Participants included 143 obese children (8-12 years) and their parents initiating treatment in a weight-management study in a community-based setting. Demographics, anthropometrics, and objectively measured sleep (i.e., with use of Sensewear Armbands) were collected prior to treatment.

Results:

Sleep duration was insufficient in our sample, as approximately 88% obtained less than 8 hours of sleep (mean = 6.92, standard deviation = 0.85). Those with lower total sleep time included older children, those identified as African American (compared to those identified as Caucasian), and those identified as Non-Hispanic (compared to those identified as Hispanic). Children on school break initiated sleep later than those in school the week of measurement. Children woke later on weekends and when on school break. There were no differences in day of the week or school break in predicting child sleep duration and total wake time (p's > 0.05).

Conclusions:

This study is one of the first to examine sleep patterns within a primarily obese sample of treatment-seeking rural children. There is a need for research to develop a better understanding of how sleep may affect health functioning and weight management, as well as quality of life and psychosocial functioning of children who are overweight or obese.

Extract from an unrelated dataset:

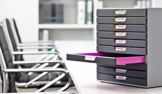 Az elegáns antracit színű tárolók minden irodai környezetben megállják a helyüket, ráadásul segítségükkel az otthoni irodánkat is stílusosan tudjuk kialakítani. Ha Önnek is fontos a kifinomult munkakörnyezet, tekintse meg VARICOLOR® irodai rendszerezőink széles választékát.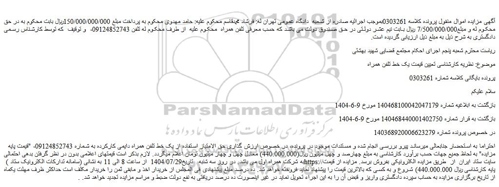 احتراما به استحضار جنابعالی میرساند پیرو بررسی انجام شده و مستندات موجود در پرونده، در خصوص ارزش گذاری حق الامتیاز استفاده از یک خط تلفن همراه دایمی کارکرده به شماره 09124852743، "قیمت پایه مزایده" به لحاظ جمیع جهات حسب برآورد کارشناسی به مبلغ چهارصد و چهل میلیون ریال(440.000.000) معادل چهل و چهار میلیون تومان اعلام میگردد. لازم بذکر است قیمتهای اعلامی بدون در نظر گرفتن بدهی احتمالی به شرکت همراه اول می باشد. در روز سه شنبه تاریخ1404/07/29 از ساعت 8 الی 11 به نشانی (سامانه تدارکات الکترونیک ستاد ) سایت ستاد ایران از طریق مزایده الکترونیکی بفروش برسد. مزایده از قیمت پایه کارشناسی ریال 440.000.000) شروع و به کسی که بالاترین قیمت را پیشنهاد نماید فروخته خواهد شد. ده درصد مبلغ پیشنهادی فی المجلس از خریدار اخذ و مابقی ثمن را خریدار مکلف است حداکثر ظرف مهلت یکماه از تاریخ برگزاری مزایده به حساب سپرده دادگستری واریز و قبض آن را به این اجراء تحویل نماید در غیر اینصورت ده درصد دریافتی به نفع دولت ضبط و مراسم مزایده تجدید خواهد شد. .

Clinical Trials Information:

Title of trial: Extension Family Lifestyle Intervention Project (E-FLIP for Kids). Clinical-Trials.gov identifier: NCT01820338. NIH/NIDDK Grant #: 1R18DK082374-01.

Citation:

Graef DM, Janicke DM, McCrae CS. Sleep patterns of a primarily obese sample of treatment-seeking children. J Clin Sleep Med 2014;10(10):1111-1117.

Keywords: sleep duration, obesity, children, treatment-seeking

The prevalence of high adiposity in children in the United States is of great health concern. Nearly 32% of children and adolescents are overweight or obese (i.e., body mass index [BMI] ≥ 85th percentile for age and gender).¹ Children who are overweight or obese are at increased risk for high cholesterol, triglycerides, and glucose, as well as hypertension, metabolic syndrome, and insulin resistance.^2,3 Pediatric obesity is also associated with greater risk for low self-esteem, peer victimization, and poor quality of life compared to non-overweight peers.^4–6

Risk for higher weight status can be due to a variety of distal factors including genetic vulnerabilities, medical conditions, basal metabolic rate, medication regimens, and neurotransmitter activity regulating hunger and satiety. However, at the most proximate level, it is an issue of energy intake and energy expenditure.⁷ Sleep is one behavioral factor that can impact risk for higher weight status, as a number of studies have revealed that obese children are more likely to experience sleep problems than non-overweight peers, including sleep disordered breathing, later sleep onset, shorter sleep duration, excessive daytime sleepiness, and more fragmented sleep.^8–9 Children who obtain less sleep have greater odds of concurrent and future overweight status when compared to children receiving adequate sleep.^10–12 Improvement in sleep can also play an important role, as a one hour increase is associated with a 20% to 80% reduction in odds of overweight or obesity.^10,12

BRIEF SUMMARY

Current Knowledge/Study Rationale: Children who are obese are more likely to experience sleep problems than non-overweight peers, which can play an important role in child psychosocial functioning. However, there is a dearth of research examining sleep duration and sleep patterns within overweight and obese samples of children.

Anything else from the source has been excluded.